Entretien avec Jimmy Hunt
Par Émilie Bergeron
Fraîchement revenu d’une tournée sur la Côte-Nord, Jimmy Hunt s’est donné en spectacle dimanche dernier sur l’intime Scène des Arbres d’Osheaga. Dans une performance éclair de trente minutes, il a proposé des variantes parfois plus rock’n roll, mais toujours avec cette sensibilité folk.
L’ex-membre de la formation rock Chocolat peut difficilement trancher, à savoir s’il est plus folk que rock. Et puis d’abord, pourquoi faudrait-il avoir à choisir? Quoi qu’il en soit, tout de suite après sa performance, Jimmy Hunt paraissait parfaitement détendu et satisfait. Le grand gaillard, originaire de St-Nicolas, près de Québec, figurait parmi les quelques groupes francophones invités d’Osheaga 2011. «Peut-être bien que ça nous a attiré un nouveau public qui nous connait moins, un public plus anglophone, mais honnêtement je n’y pense pas trop.»

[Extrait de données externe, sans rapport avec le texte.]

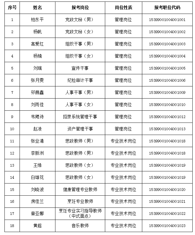 根據(jù)《云南省事業(yè)單位公開招聘工作人員辦法》(云人社發(fā)〔2016〕182號(hào))和經(jīng)云南省人力資源和社會(huì)保障廳批準(zhǔn)實(shí)施的《云南技師學(xué)院2020年事業(yè)單位公開招聘工作人員公告》等有關(guān)規(guī)定,經(jīng)筆試、資格復(fù)審、面試、體檢、考察等程序,現(xiàn)將學(xué)院擬錄用人員進(jìn)行公示,名單如下: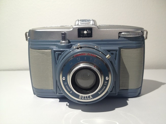 Bilora Bella tillverkades i en mängd olika varianter under åren 1953 – 1966. Just denna modell är från mitten av 50-talet, förmodligen 1956. Den tillverkades även för olika filmformat såsom 120, 127 och 135mm film. Bellan var en ganska billig kamera som dock tilltalar estetiskt, den tillverkades i en mängd olika färgkombinationer.

Chose certaine, les mots le passionnent, et ce, dans leur plus infime simplicité. «On dit souvent que le français est une langue complexe. Toutefois, c’est faux de penser que l’anglais est une langue plus appropriée en musique. Ce qui est intéressant, c’est de puiser dans la simplicité des mots, de trouver les formules courtes pour créer des images, signifier des choses. Et on peut très bien le faire en français.» Et en effet, bien des métaphores le prouvent dans les chansons de Jimmy, provoquant parfois des images loufoques et improbables.
L’autodidacte s’est toujours intéressé à la littérature. Ce qu’il lit? «Oh, un peu de tout. C’est temps-ci j’aime bien Christian Bobin. C’est un contemplateur.» Et il aime causer Jimmy Hunt. Il se laisse aller à s’adonner à la conversation, à paraphraser, à revenir sur ses mots, pour en choisir des plus justes.
«Je n’ai jamais vraiment composé en équipe. J’ai toujours été un peu dictateur, si on veut, dans ma façon de créer », rigole-t-il. Avant de quitter Chocolat pour poursuivre sa carrière en solo, Jimmy avait déjà auparavant fait un bout de chemin comme homme-orchestre. Et même avec Chocolat, c’est majoritairement seul qu’il composait les textes.
Musicalement, Jimmy Hunt est un autodidacte. Toutefois, il ne va pas s’en dire qu’il a tout de même son cheminement propre. « J’ai grandi en écoutant du Elvis Presley et du Ennio Morricone. Ça a toujours été une espèce de contradiction chez moi, cette fascination pour, d’un côté le rock, puis de l’autre la musique ambiante de film. » Puis, il a commencé en grattant la guitare. En vieillissant, il a suivi plusieurs artistes qui l’influenceront de près ou de loin. Entre autres Neil Young, Bob Dylan et même Jimi Hendrix. Une des rencontres déterminantes pour Jimmy Hunt fut sans doute celle de Fred Fortin. «Quand j’ai commencé à vraiment faire de la musique, c’était un des seuls à faire ça, chanter du folk en français, avec cette influence américaine.» On se rappelle notamment la mémorable rencontre musicale de l’un et de l’autre à Mange ta ville.
Il parle d’amour, il parle de femmes, il utilise des mots aussi simples que «je t’aime». Certains qualifieront ses chansons de l’ordre du kitsch. Or, plus on l’écoute, plus les nuances se dessinent. On comprend alors cette fausse candeur. « Dans toute forme d’art, ce qui est intéressant c’est de trouver la brèche, la limite qui fait qu’on ne peut pas classifier, qu’on ne peut pas dire c’est quoi exactement. Ce qui finalement capte l’attention.»
De toute façon, peut-on vraiment échapper au kitsch? Quoi qu’il en soit, Milan Kundera, dans un élan fataliste, écrivait : «Avant d’être oubliés, nous serons changés en kitsch. Le kitsch, c’est la station de correspondance entre l’être et l’oubli.»